§ ASSIGNED TASK
With the pictures omitted, write out the entries that follow exactly as they stand.

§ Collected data
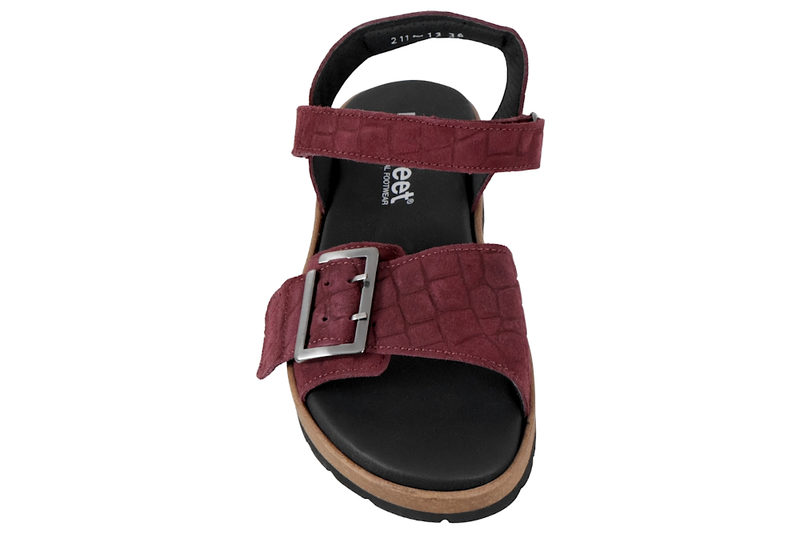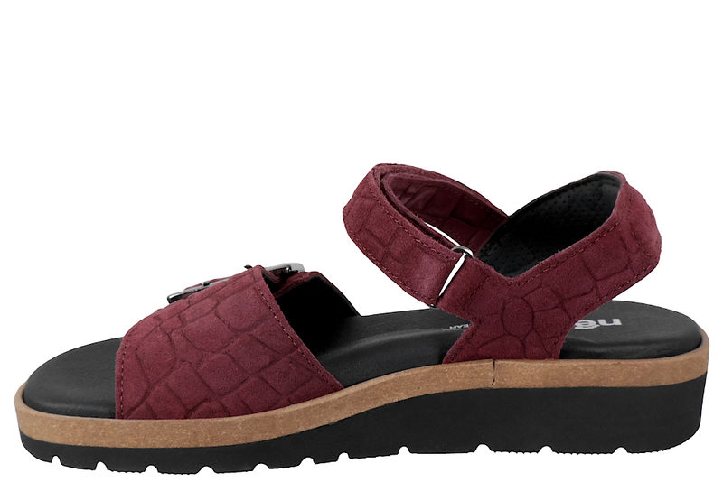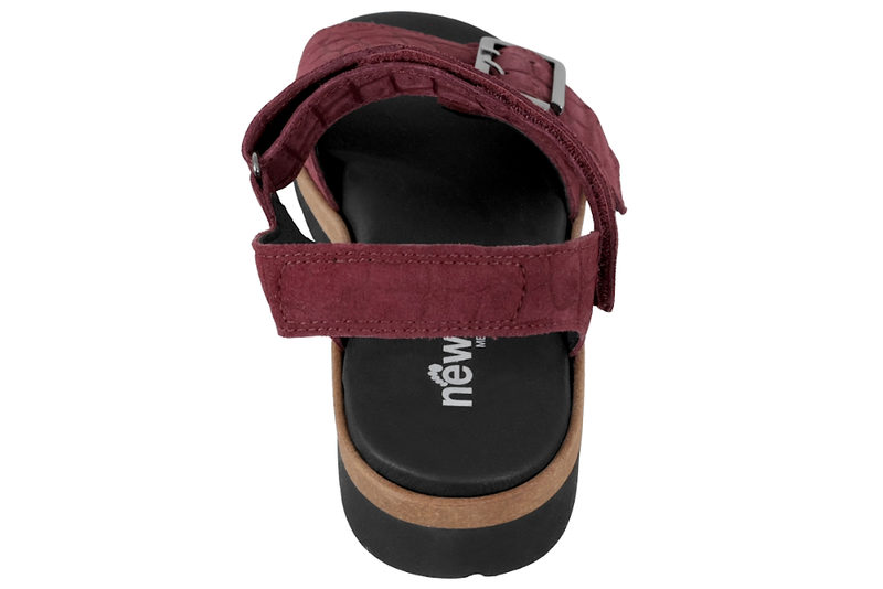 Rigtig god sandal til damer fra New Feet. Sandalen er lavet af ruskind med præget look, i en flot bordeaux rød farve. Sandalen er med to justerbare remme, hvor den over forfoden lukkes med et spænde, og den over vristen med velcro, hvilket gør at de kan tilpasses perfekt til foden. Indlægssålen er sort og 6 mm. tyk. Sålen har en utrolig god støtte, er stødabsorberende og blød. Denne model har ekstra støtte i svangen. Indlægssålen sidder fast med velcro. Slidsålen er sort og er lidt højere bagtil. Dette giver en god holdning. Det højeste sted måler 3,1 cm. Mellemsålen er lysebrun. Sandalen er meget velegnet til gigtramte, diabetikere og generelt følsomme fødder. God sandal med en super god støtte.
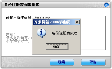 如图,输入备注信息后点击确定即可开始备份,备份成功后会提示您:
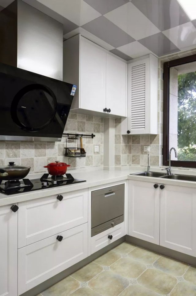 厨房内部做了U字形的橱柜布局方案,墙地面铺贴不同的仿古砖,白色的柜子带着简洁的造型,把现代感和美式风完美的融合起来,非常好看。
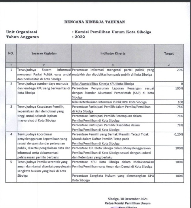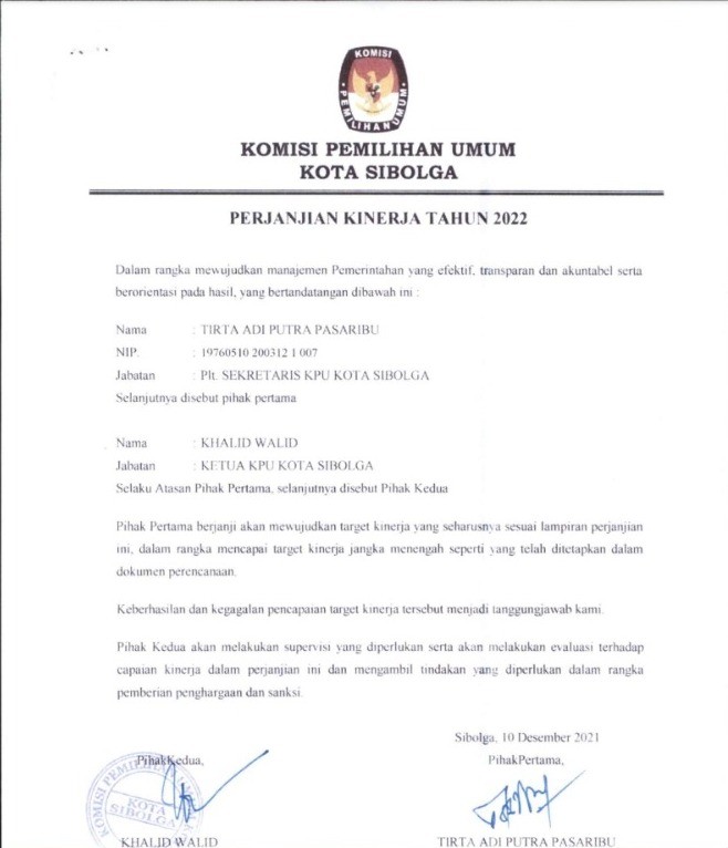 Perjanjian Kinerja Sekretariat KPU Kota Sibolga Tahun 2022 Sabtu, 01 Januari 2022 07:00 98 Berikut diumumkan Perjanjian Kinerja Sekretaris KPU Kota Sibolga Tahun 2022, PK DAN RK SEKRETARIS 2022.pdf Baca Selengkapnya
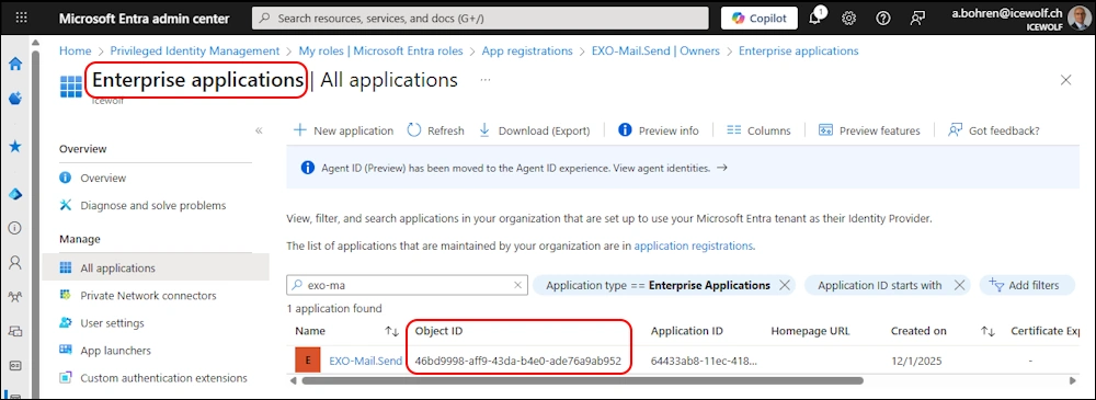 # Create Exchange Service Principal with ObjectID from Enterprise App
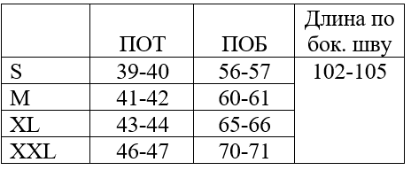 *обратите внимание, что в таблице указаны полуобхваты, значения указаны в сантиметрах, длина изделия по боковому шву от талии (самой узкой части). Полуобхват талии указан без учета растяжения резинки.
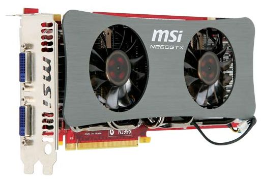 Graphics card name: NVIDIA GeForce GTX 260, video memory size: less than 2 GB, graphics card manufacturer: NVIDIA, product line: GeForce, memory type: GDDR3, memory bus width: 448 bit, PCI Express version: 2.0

§ REPLY TO THE TASK
 Rigtig god sandal til damer fra New Feet. Sandalen er lavet af ruskind med præget look, i en flot bordeaux rød farve. Sandalen er med to justerbare remme, hvor den over forfoden lukkes med et spænde, og den over vristen med velcro, hvilket gør at de kan tilpasses perfekt til foden. Indlægssålen er sort og 6 mm. tyk. Sålen har en utrolig god støtte, er stødabsorberende og blød. Denne model har ekstra støtte i svangen. Indlægssålen sidder fast med velcro. Slidsålen er sort og er lidt højere bagtil. Dette giver en god holdning. Det højeste sted måler 3,1 cm. Mellemsålen er lysebrun. Sandalen er meget velegnet til gigtramte, diabetikere og generelt følsomme fødder. God sandal med en super god støtte.
 如图,输入备注信息后点击确定即可开始备份,备份成功后会提示您:
 厨房内部做了U字形的橱柜布局方案,墙地面铺贴不同的仿古砖,白色的柜子带着简洁的造型,把现代感和美式风完美的融合起来,非常好看。
 Perjanjian Kinerja Sekretariat KPU Kota Sibolga Tahun 2022 Sabtu, 01 Januari 2022 07:00 98 Berikut diumumkan Perjanjian Kinerja Sekretaris KPU Kota Sibolga Tahun 2022, PK DAN RK SEKRETARIS 2022.pdf Baca Selengkapnya
 # Create Exchange Service Principal with ObjectID from Enterprise App
 *обратите внимание, что в таблице указаны полуобхваты, значения указаны в сантиметрах, длина изделия по боковому шву от талии (самой узкой части). Полуобхват талии указан без учета растяжения резинки.
 Graphics card name: NVIDIA GeForce GTX 260, video memory size: less than 2 GB, graphics card manufacturer: NVIDIA, product line: GeForce, memory type: GDDR3, memory bus width: 448 bit, PCI Express version: 2.0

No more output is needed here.